A Vast Lake Has Captivated California Where Farms Stood a Year Ago [View all]
NYT. I needed to use the archive to read it.
https://archive.ph/xrlH9
Tulare Lake re-emerged after intense storms battered the state this winter, and will likely remain in the Central Valley for months and maybe years to come.
It sounds like the sea and approaches the size of Lake Tahoe. Its wind-driven waves are unexpectedly silky and warm. Tulare Lake seems to go on forever on the immense brown and green flat of Californias Central Valley, shimmering like a great blue mirage.
Three months have passed since the lake, which dates to the Ice Age, re-emerged in the basin that once held the largest body of freshwater west of the Mississippi River. Dammed dry by humans, it has periodically attempted a comeback, though rarely with the force seen after this winters storms.
First a trickle, then a flood, the water that coursed into the lake bed over a handful of months swallowed one of the nations largest and most valuable stretches of cropland in about the time it takes to grow a tomato. Thirty square miles, then 50. Then 100. Then more.

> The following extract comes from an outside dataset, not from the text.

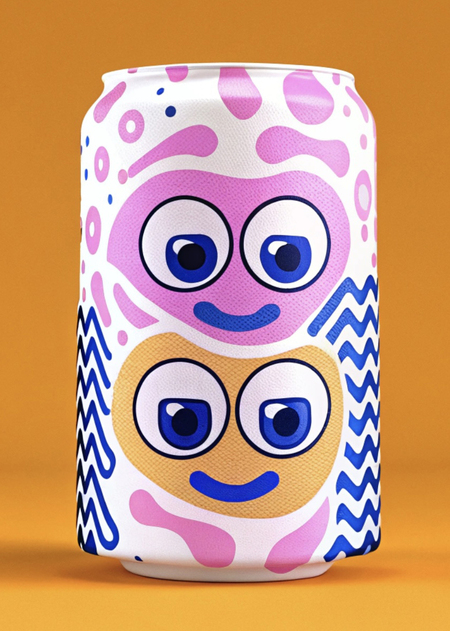 /imagine prompt: soda packaging for children and teenagers in colofrul playful meta style with a sodamelity mascot on orange background

Now, at the onset of summer, Tulare Lake sits at about 168 square miles, trapped by thousands of acres of clay soil and the lack of a natural outlet, so big that it is best tracked by satellites. Caused initially by climate-amplified sheets of rain over the riversheds coursing through the Sierra Nevada, it is being fed by the melting snowpack that piled up in the mountains to near-record levels.
Chemicals, manure and diesel pollute it. And there are mosquitos.
As always; "Be careful what you ask for. You might get it."